:: THE DATA ::

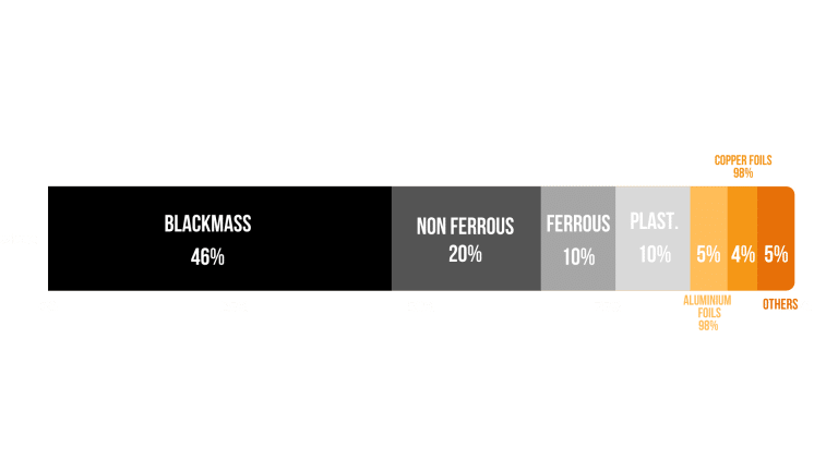 The objective for MTB, thanks to a system of crushing and sorting elements, is to recover all raw materials such as: blackmass, ferrous and non-ferrous metals or plastics.
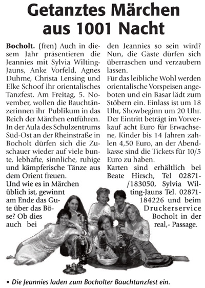 Zeitung Bocholter Report - Ihre Lokalzeitung für Bocholt, Rhede, Isselburg, Anholt, Hamminkeln, Dingden: "«Getanztes Märchen aus 1001 Nacht» - Bocholt: Auch in diesem Jahr präsentieren die Jeannies mit Sylvia Wilting-Jauns, Anke Vorfeld, Agnes Duhme, Christa Lensing und Elke Schoof ihr orientalisches Tanzfest. Am Freitag, 5. November, wollen die Bauchtänzerinnen ihr Publikum in das Reich der Märchen entführen. In der Aula des Schulzentrums Süd-Ost an der Rheinstraße in Bocholt dürfen sich die Zuschauer wieder auf viele bunte, lebhafte, sinnliche, ruhige und kämpferische Tänze aus dem Orient freuen..." - Pressebericht zur Bauchtanz Show auf dem 18. Bocholter Bauchtanzfest mit dem Ensemble "EL AMAL" mit den Bauchtänzerinnen Soraya, Thalia und Zina
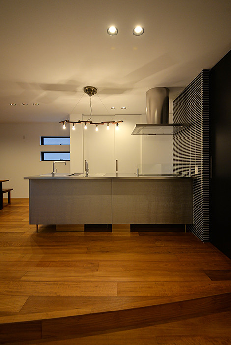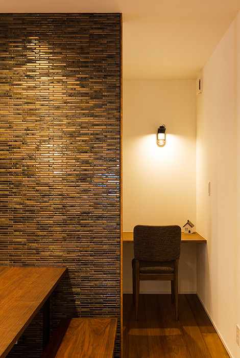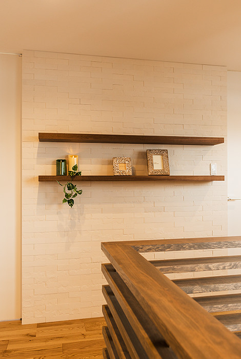 無垢材、タイル、天然石、アイアン、ステンレス・・・室内にバランス良く配置された多種多様な素材がさまざまな表情で空間を彩る。オープンガレージと中庭がl機能性とデザインを兼ね備えた上質な住まい。
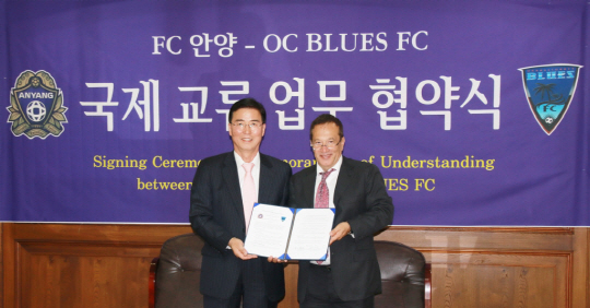 FC안양이 미국 USL 소속의 O.C. Blues FC와 다양한 국제 교류 사업을 위한 협약을 체결했다.

:::

> **WHAT IS BEING ASKED**:
Word-for-word output of the material above is needed, with the pictures left out.

> **RESPONSE BOX**:
 The objective for MTB, thanks to a system of crushing and sorting elements, is to recover all raw materials such as: blackmass, ferrous and non-ferrous metals or plastics.
 Zeitung Bocholter Report - Ihre Lokalzeitung für Bocholt, Rhede, Isselburg, Anholt, Hamminkeln, Dingden: "«Getanztes Märchen aus 1001 Nacht» - Bocholt: Auch in diesem Jahr präsentieren die Jeannies mit Sylvia Wilting-Jauns, Anke Vorfeld, Agnes Duhme, Christa Lensing und Elke Schoof ihr orientalisches Tanzfest. Am Freitag, 5. November, wollen die Bauchtänzerinnen ihr Publikum in das Reich der Märchen entführen. In der Aula des Schulzentrums Süd-Ost an der Rheinstraße in Bocholt dürfen sich die Zuschauer wieder auf viele bunte, lebhafte, sinnliche, ruhige und kämpferische Tänze aus dem Orient freuen..." - Pressebericht zur Bauchtanz Show auf dem 18. Bocholter Bauchtanzfest mit dem Ensemble "EL AMAL" mit den Bauchtänzerinnen Soraya, Thalia und Zina
 無垢材、タイル、天然石、アイアン、ステンレス・・・室内にバランス良く配置された多種多様な素材がさまざまな表情で空間を彩る。オープンガレージと中庭がl機能性とデザインを兼ね備えた上質な住まい。
 FC안양이 미국 USL 소속의 O.C. Blues FC와 다양한 국제 교류 사업을 위한 협약을 체결했다.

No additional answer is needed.